WORK INSTRUCTIONS >>
Starting with the line that contains "В рюкзаке 3", repeat exactly every line through the last one in the records below, and leave out the pictures.

_ _ _ _

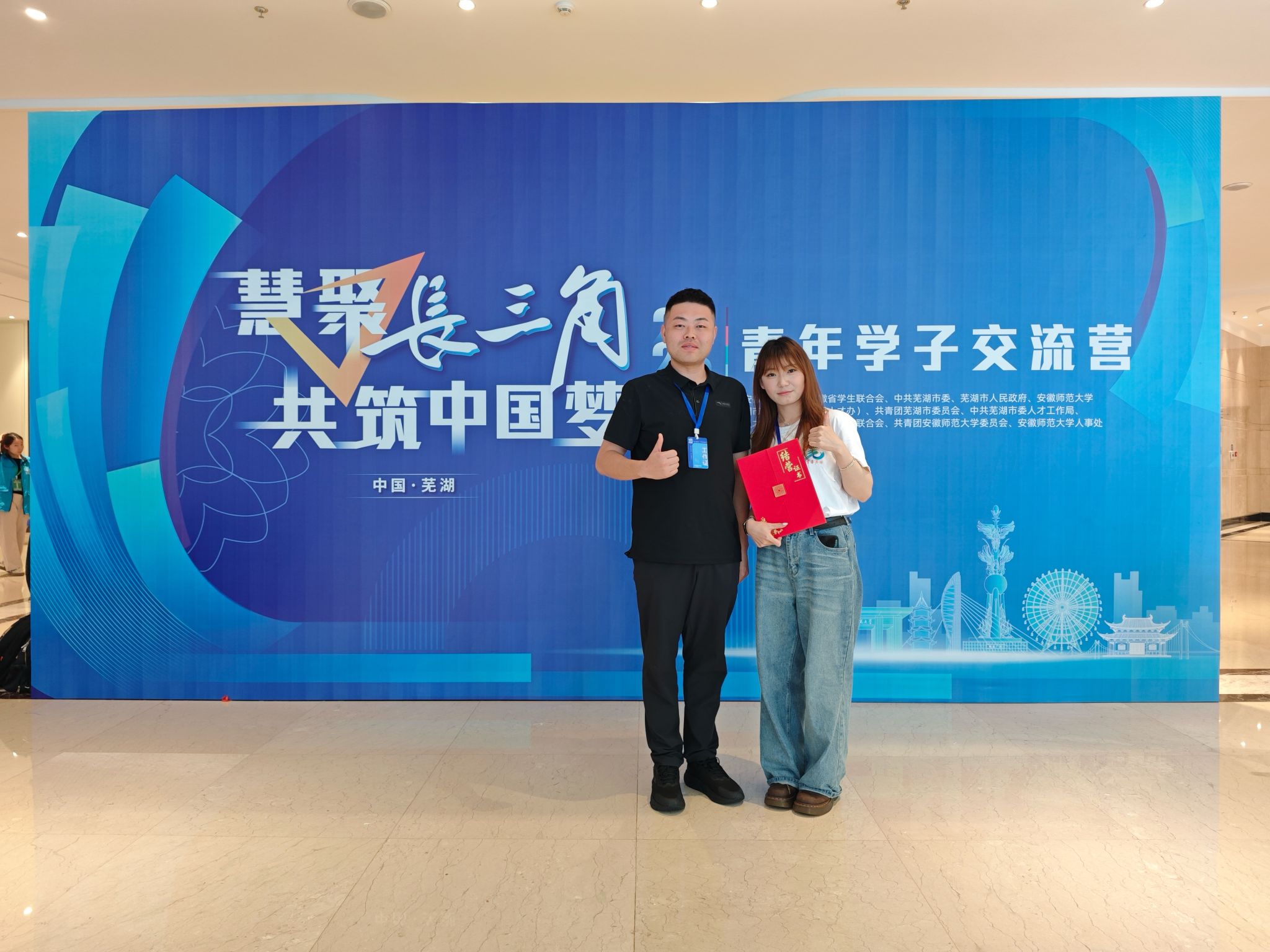 为进一步强化员工生涯意识,树立积极就业观,公司主动对接省外优质资源,积极选派刘梦霞、黎玉淇2名硕士研究生参加由共青团安徽省委员会、安徽省员工联合会、中共芜湖市委、芜湖市人民政府、安徽师范大学联合举办的“慧聚长三角,共筑中国梦”青年学子交流营。
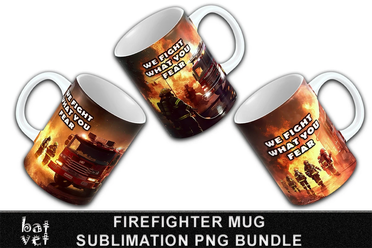 Firefighter Mug Sublimation Bundle / Firefighter Coffee Cup / 3 PNG Designs
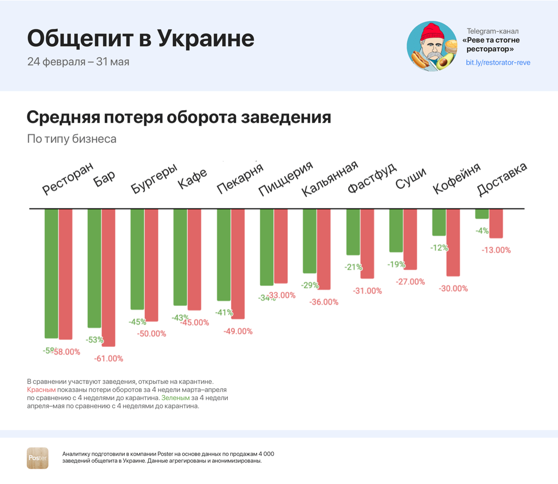 За чотири тижні квітня-травня просадка по обороту у невеликих ресторанів середнього цінового сегмента склала в середньому 58%, у барів — 53% в порівнянні з чотирма тижнями до карантину. Бургерні та кафе втратили 45% і 43% відповідно. Кав’ярні за цей період в середньому втратили 12% від докарантинних продажів. Найменше просіли заклади, які і до карантину працювали тільки на доставку, — всього на 4%.
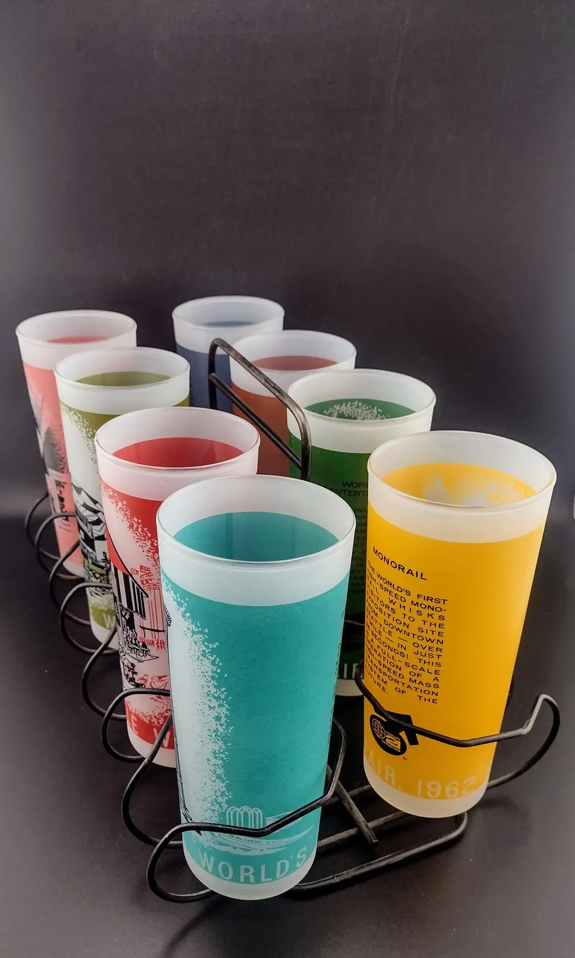 Made in the 1960s, Color Craft coated the clear glass tumblers with a rubber-like plastic, a process known as "plastisol" and the frosted texture was a side effect of the coating process. Today, vintage Shat-R-Pruf glasses are sought-after collectibles.
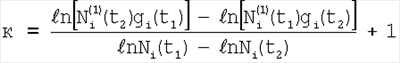 Для градуировочной характеристики вида (8) получим где неизвестными являются m и аi1. Берем отсчеты для двух моментов времени t1 и t2. Можем записать Отсюда: Далее из выражения 22
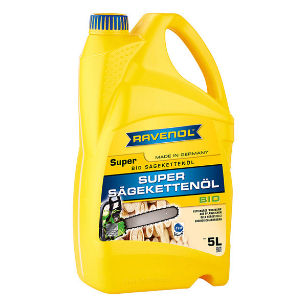 RAVENOL Super Sägekettenoel – жогорку тазаланган рапс май базасында атайын кошулмалар комплекси менен даярдалган, чынжыр майлары үчүн талаптарга жана "Blauer Engel" жана EU Ecolabel экостандарттарына жооп берген биотыгыз май. KWF сыноосунан ийгиликтүү өткөн.
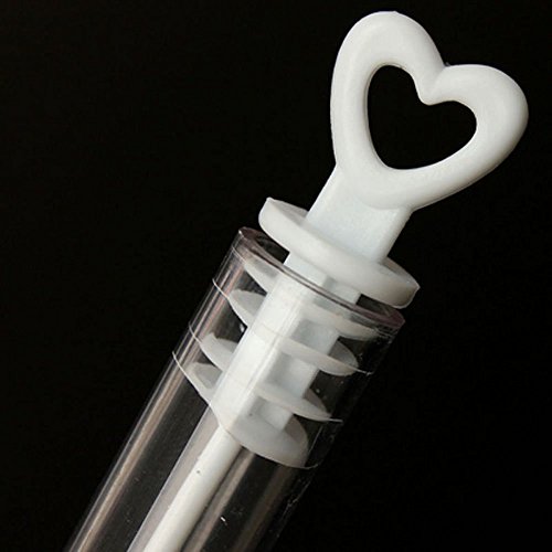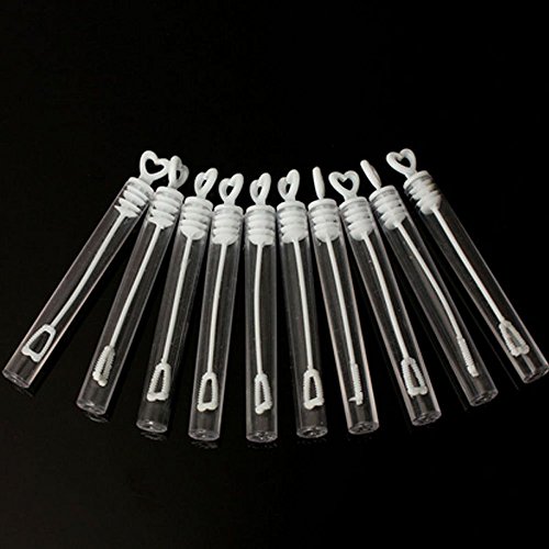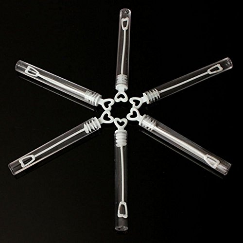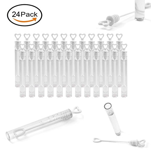-. Feature : Each plastic bubble tube is topped with red hearts and contains; / Great for wedding favor. Heart-shaped cap; / Romantic and elegant,make you have a beautiful memory,Kids children favor birthday party toys; / Material: Plastic Non toxic, will not stain,Color: Clear; / Package including : 24ps Tubes (Bubbles Water is NOT included);
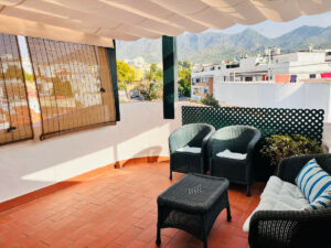 Dicho ático dúplex consta de dos dormitorios muy luminosos abuhardillados, cocina abierta amueblada y equipada, un baño completo, salón comedor con acceso a la terraza, una terraza cubierta con pérgola, vistas al Casco Antiguo y a la famosa Sierra Blanca (Juanar y La Concha). Además al ser dúplex en la parta alta de la vivienda tiene una solario privado donde podrá instalar un chill-out y disfrutar de las vistas panorámicas 360º al mar, ciudad y montaña. Todos los servicios a pie de calle para hacerte la vida más fácil y cómoda como farmacia, supermercados, restaurantes, Hospital Ochoa, etc…,, por lo que, no necesitarás vehículo para desplazarte (todo un lujo).
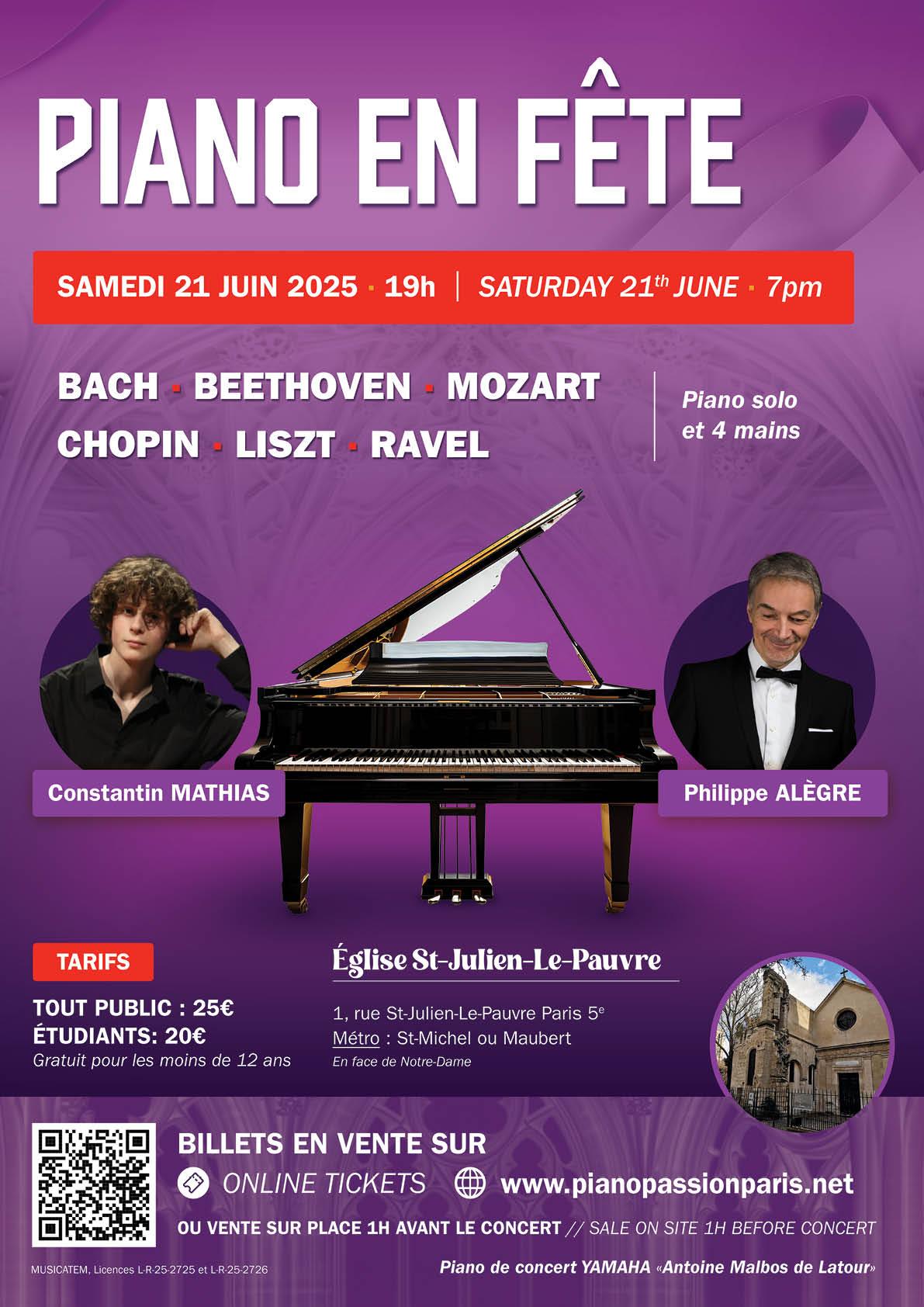 Pour fêter la musique, Philippe Alègre et Constantin Mathias propose une soirée pétillante autour des plus belles pages pour piano tant en solo qu'à quatre mains.
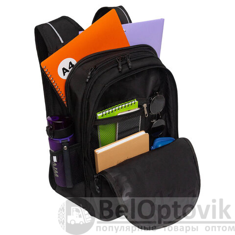 В рюкзаке 3 основных отделения: для книг или крупных вещей, для тетрадей, папок и документов формата А4, для разнообразных принадлежностей. Внутри располагается карман для ноутбука 13" и брелок для ключей. Есть внешний карман и 2 боковых сетчатых: для воды и ланч-бокса.
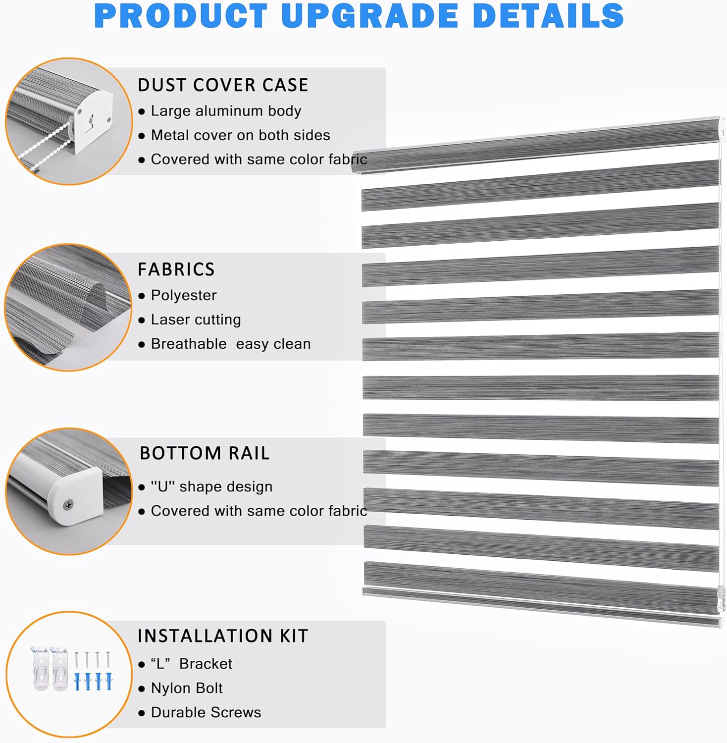 - Zebra Blinds for Windows with a premium polyester fabric - High-End Quality - Easy to install - Easy to clean,Grey Color 26 inch Width.
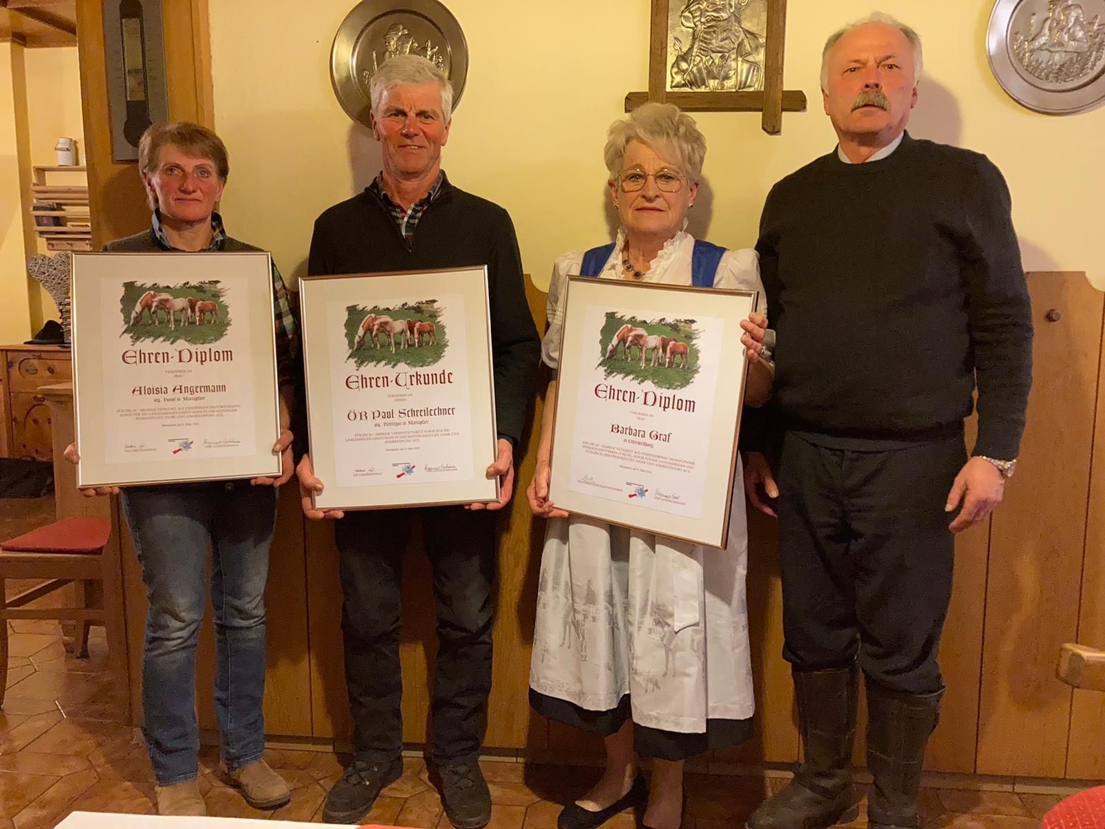 Bei der Jahreshauptversammlung des Haflingervereins Lungau wurden Aloisia Angermann für ihre 35-jährige Geschäftsführertätigkeit, Ök.-Rat Paul Schreilechner für seine 45-jährige Vereinstätigkeit und Obfrau Barbara Graf für ihre 20-jährige Tätigkeit als Vereinsobfrau geehrt. Wir gratulieren recht herzlich!
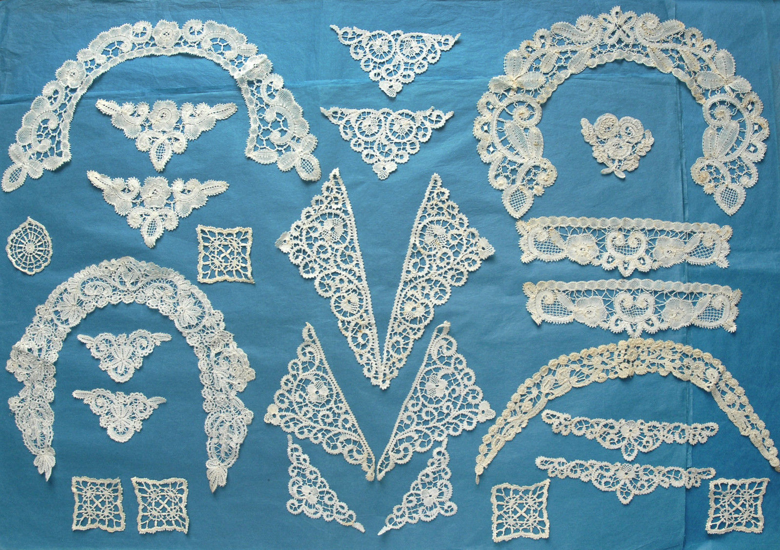 http://tinyurl.com/m6sdjd9 Collection unused antique/vintage Bruges lace collar and motifs – unused
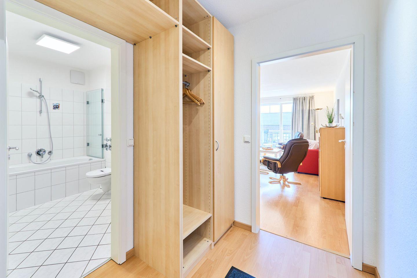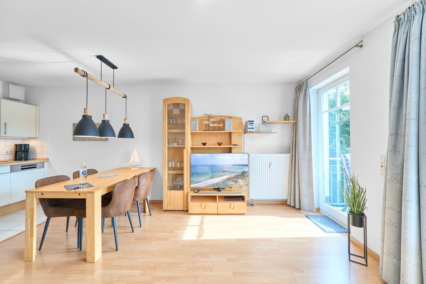 Die 60 m² große Ferienwohnung Ap. B 12 liegt in der 1. Etage und ist ideal für bis zu 2 Personen. Sie bietet einen großzügigen Wohnbereich mit einer bequemen Sitzgruppe, einem Farb-TV mit DVD-Player und einer Stereoanlage. Die voll ausgestattete Einbauküche verfügt über einen Geschirrspüler, Mikrowelle und eine gemütliche Sitzecke. Vom Wohnbereich aus gelangen Sie auf den südlich ausgerichteten Balkon, auf dem Sie entspannte Stunden genießen können.

_ _ _ _

ANSWER SECTION >>
 В рюкзаке 3 основных отделения: для книг или крупных вещей, для тетрадей, папок и документов формата А4, для разнообразных принадлежностей. Внутри располагается карман для ноутбука 13" и брелок для ключей. Есть внешний карман и 2 боковых сетчатых: для воды и ланч-бокса.
 - Zebra Blinds for Windows with a premium polyester fabric - High-End Quality - Easy to install - Easy to clean,Grey Color 26 inch Width.
 Bei der Jahreshauptversammlung des Haflingervereins Lungau wurden Aloisia Angermann für ihre 35-jährige Geschäftsführertätigkeit, Ök.-Rat Paul Schreilechner für seine 45-jährige Vereinstätigkeit und Obfrau Barbara Graf für ihre 20-jährige Tätigkeit als Vereinsobfrau geehrt. Wir gratulieren recht herzlich!
 http://tinyurl.com/m6sdjd9 Collection unused antique/vintage Bruges lace collar and motifs – unused
 Die 60 m² große Ferienwohnung Ap. B 12 liegt in der 1. Etage und ist ideal für bis zu 2 Personen. Sie bietet einen großzügigen Wohnbereich mit einer bequemen Sitzgruppe, einem Farb-TV mit DVD-Player und einer Stereoanlage. Die voll ausgestattete Einbauküche verfügt über einen Geschirrspüler, Mikrowelle und eine gemütliche Sitzecke. Vom Wohnbereich aus gelangen Sie auf den südlich ausgerichteten Balkon, auf dem Sie entspannte Stunden genießen können.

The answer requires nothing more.